このように、地元の方とは挨拶をして積極的にコミュニケーションをとることで、いろいろと見えてくることがある。

さっそく、一本にアタリが。

チリ、チリン♪

小型の魚が餌をすこしずつちぎっている様子。

チチブかな。

放置していると、

チリ、チリン♪チリ、チリン♪

む。

巻いてみると、ミディアムヘビーの竿にかすかな引き。

マハゼでした。

ここはハゼもいるんだなー。

チリ、チリン♪チリ、チリン♪

チリ、チリン♪チリ、チリン♪

またしてもマハゼ。夜も積極的に餌をとるのだな。

岸近の浅場より、流心のエグレたところからの駆け上がりエリアにハゼが多数ついている模様。

▶まだウナギ釣りは続く

場所移動。老ウナギ釣り師と話し込む

どうやら、仕掛けの投入ポイントを幾パターンか動かしてもハゼしか釣れず場所を移動することに。

このポイントは葦が絡んでいる。

こうした芦原の根部分はえぐれていて、ウナギが好む棲み家になっていることが多い。

餌のアオイソメ(淡水なので本当はドバミミズがよい)を投入準備をしていると、小粋にハットをかぶったホビット系の老人が近づいてきた。

ホビット系の老人「おう、釣れたかい?」

わたし「この向こう側でハゼが2匹釣れたんですが、ウナギはまだなんですよね」

ホビット系の老人「おう。あれだよ、この街灯から・・(老人が歩いて移動している間)・・この街灯までのさ、護岸はえぐれてるのね。ここでやるとウナギが釣れるよ」

わたし「ふぇー、ありがとうございます。がんばります。」

ホビット系の老人「あれなんだよな、このねミゾに、こーんなでっかいモクズガニがいるんだけど、それを釣ってどかしてさ、その奥にウナギがいるんだよ。ま、もうすこしで時合も終わるんでがんばって」

わたし「おーす。ありがとうございます。がんばります。」

老人の話はきくもの。これは祖父に育てられたわたしの行動セオリーでもあるので、指定された範囲で竿を出していると、しばらくして・・・

・・・

・・・

リリリリン♪リリン♪リリリリン♪

うお。これはキタかも。

わたし「おじさん、キタかもです!

ホビット系の老人「お、お、お?キタ?」

にょろーん。

住宅街でウナギゲット。あとで計測したら54センチ。

ホビット系の老人「おーやったやった!ちょうどいいサイズだよ。ここのウナギは泥臭くないんだから

わたし「いやー、なかなかのサイズですね。いますねー

このあとの老人のお話を要約すると以下の通りだ。

  • お偉いさんがウナギが絶滅するとかいってるのは嘘だからさ
  • フィリピンとかでウナギが産卵してるっていうけども、こんなとこまではこれねーよ
  • 子供の時からウナギはいつも釣れてるし、今も毎回釣れてるからぜんぜん問題ない

ここで、いちいち「おじさん、それは違いますよ」などインテリぶるというのはナンセンス。

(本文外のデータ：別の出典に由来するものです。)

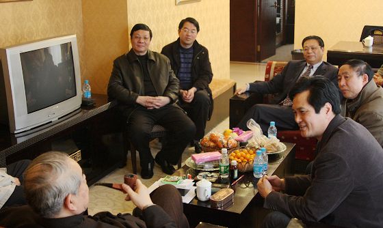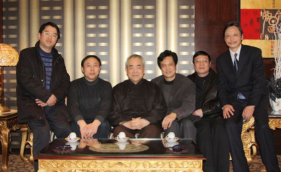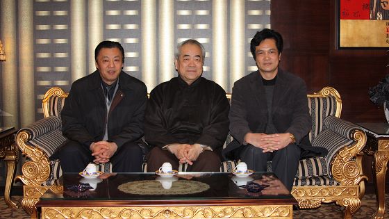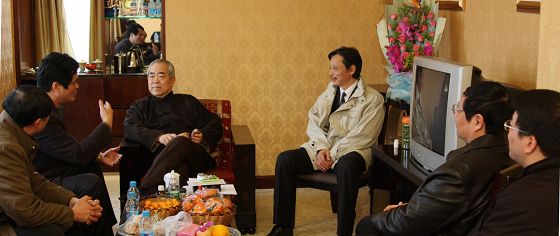 我校领导与范曾先生畅谈近日中央电视台《我们》栏目连续播放的范曾节目观感,对范曾先生多年来给予母校的帮助表示衷心感谢。上图是我校前任校长缪建新(现市教育局局长)和现任校长姚天勇与范曾先生合影,下图是我校现任领导班子全体正副校长与范曾先生合影。

うむうむとお話しながら、いろいろとお話をお聞きして取り入れるべきところのみキャッチアップしたい。

ホビット系の老人「21時ぐらいまでは釣れるから、やってみればいいよ

わたし「あー、アオイソメがもうないんですよね。

ホビット系の老人「おう、俺のボラやるよ

わたし「え、ボラですか?

ホビット系の老人「おう、ボラっ子。ボラを半分に切ってつけると、鯉とか余計なのが釣れないからいいんだよ。まー、モクズガニは釣れてくるけどね

ということで、老人にもらったボラっ子。

どうやら、老人のウナギ釣りは昼過ぎにポイントに到着してボラっ子をひっかけ釣りで捕獲するところから始まるらしい。エサいらず。まさに釣り猛者である。

このボラっ子、昆布の臭いのようにめちゃくちゃ生臭くぬめぬめしているのだが、それもすべて集魚力が高いと思い込んでおこう。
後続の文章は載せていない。